AIM OF THE EXERCISE | Write out only the lines from the line containing "Stínící plachta oxfordská" to the end of the listing below, both included, exactly as they stand. Drop the pictures.

EXERCISE DATA below:

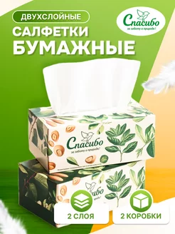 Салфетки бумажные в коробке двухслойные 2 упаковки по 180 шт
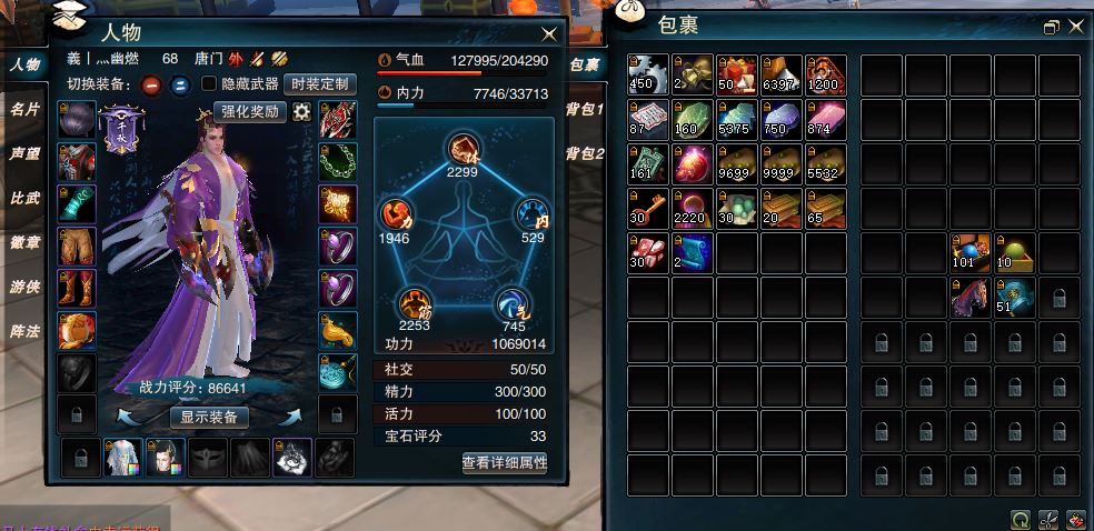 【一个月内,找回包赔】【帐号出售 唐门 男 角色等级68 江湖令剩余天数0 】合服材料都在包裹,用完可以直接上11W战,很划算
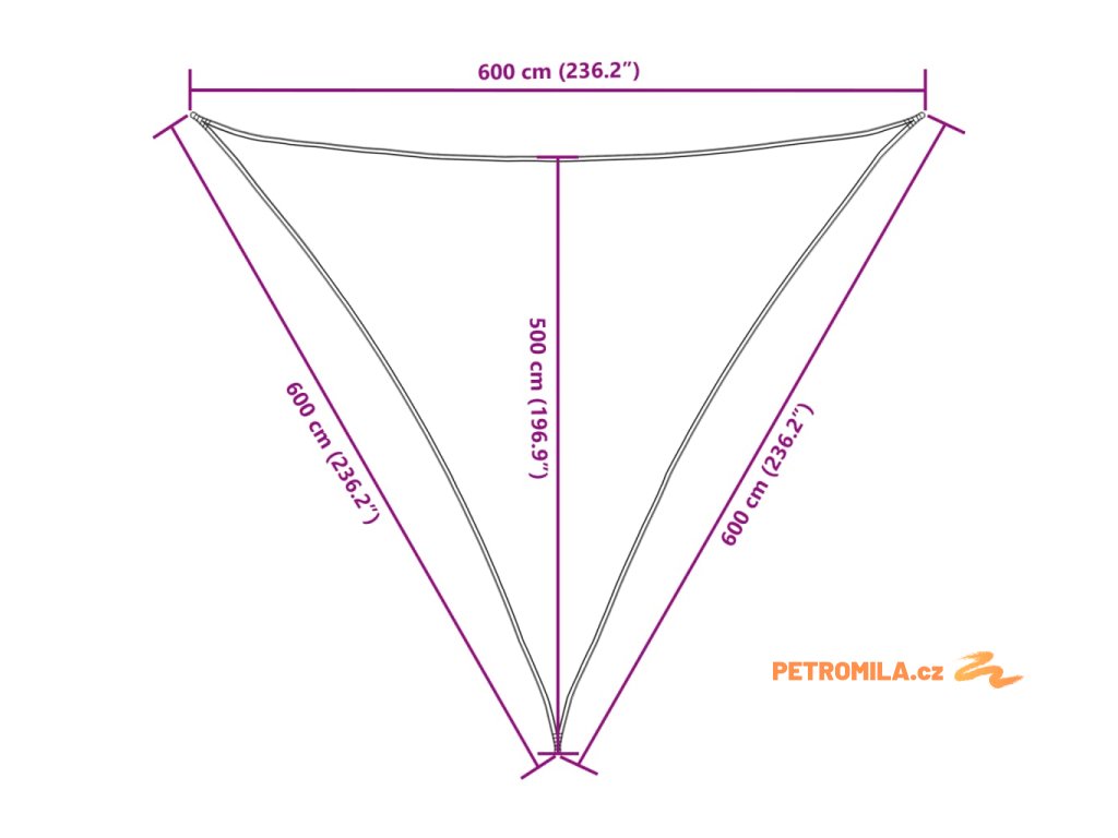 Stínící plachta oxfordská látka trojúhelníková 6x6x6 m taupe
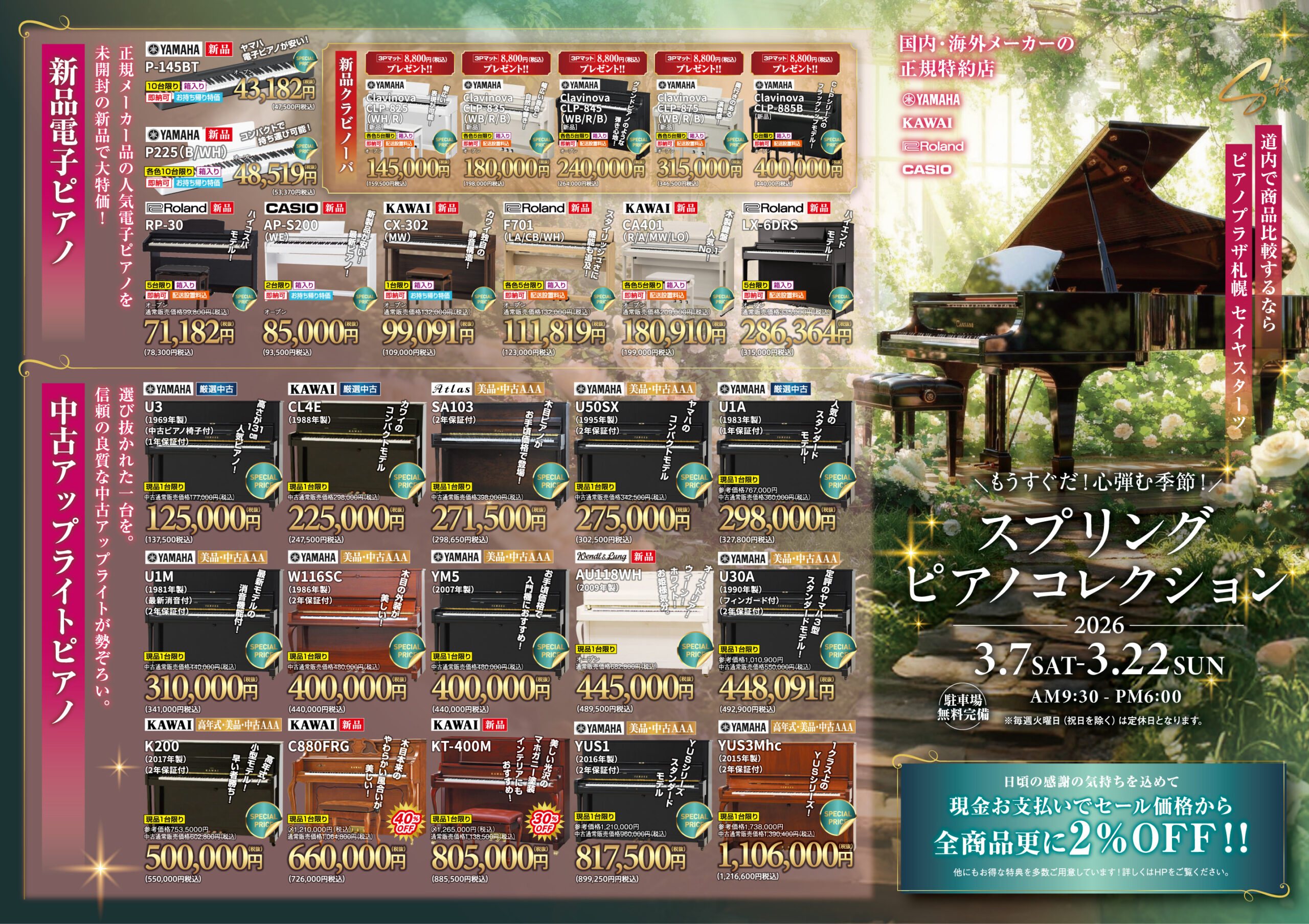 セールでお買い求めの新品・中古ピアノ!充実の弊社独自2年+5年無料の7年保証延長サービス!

End of EXERCISE DATA.

SOLUTION |
 Stínící plachta oxfordská látka trojúhelníková 6x6x6 m taupe
 セールでお買い求めの新品・中古ピアノ!充実の弊社独自2年+5年無料の7年保証延長サービス!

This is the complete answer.